··· DATASET SECTION

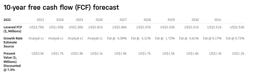 分析人士将通过现金流折现估值模型(DCF)来进行分析。此次模型考虑了增长的两个阶段,分别是第一个“较高的增长期”和第二个“稳定增长期”。
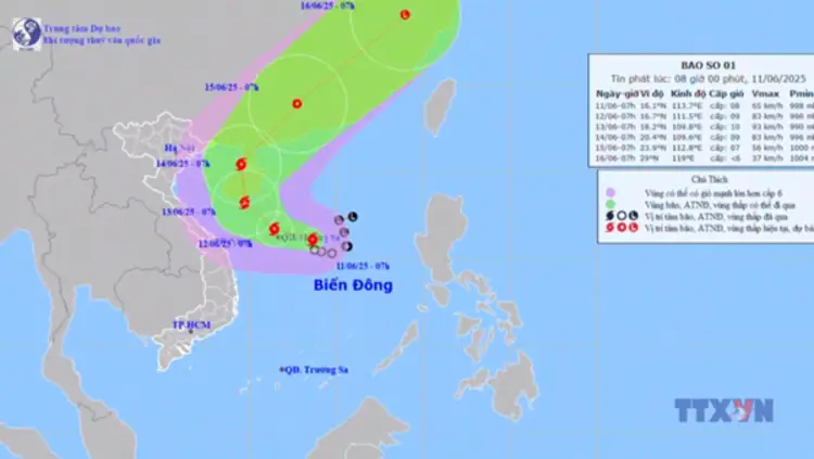 Sáng 11/6, áp thấp nhiệt đới mạnh lên thành Bão số 1, biển động mạnh, nhiều nơi mưa lớn. Dự báo, trong khoảng 24 giờ tới, áp thấp nhiệt đới sẽ di chuyển theo hướng Tây Tây Bắc, khoảng 10 km/giờ và có khả năng mạnh lên thành Bão số 1. Biển động, gió mạnh cấp 6-7, sau tăng lên cấp 8-9, giật cấp 11, sóng biển cao 2,5-4,5m. Tàu thuyền trên biển có khả năng chịu tác động của dông, lốc, gió mạnh, sóng lớn.
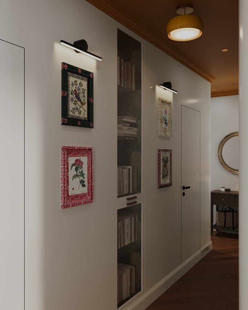 Смелые решения в трешке 78 м² с двумя кабинетами, барабанной установкой и стеклоблокамиДизайн

······

Give back, exactly as written, the lines from the top of the material through the line with "Sáng 11/6, áp", ends included and pictures left aside.

## YOUR RESPONSE:
 分析人士将通过现金流折现估值模型(DCF)来进行分析。此次模型考虑了增长的两个阶段,分别是第一个“较高的增长期”和第二个“稳定增长期”。
 Sáng 11/6, áp thấp nhiệt đới mạnh lên thành Bão số 1, biển động mạnh, nhiều nơi mưa lớn. Dự báo, trong khoảng 24 giờ tới, áp thấp nhiệt đới sẽ di chuyển theo hướng Tây Tây Bắc, khoảng 10 km/giờ và có khả năng mạnh lên thành Bão số 1. Biển động, gió mạnh cấp 6-7, sau tăng lên cấp 8-9, giật cấp 11, sóng biển cao 2,5-4,5m. Tàu thuyền trên biển có khả năng chịu tác động của dông, lốc, gió mạnh, sóng lớn.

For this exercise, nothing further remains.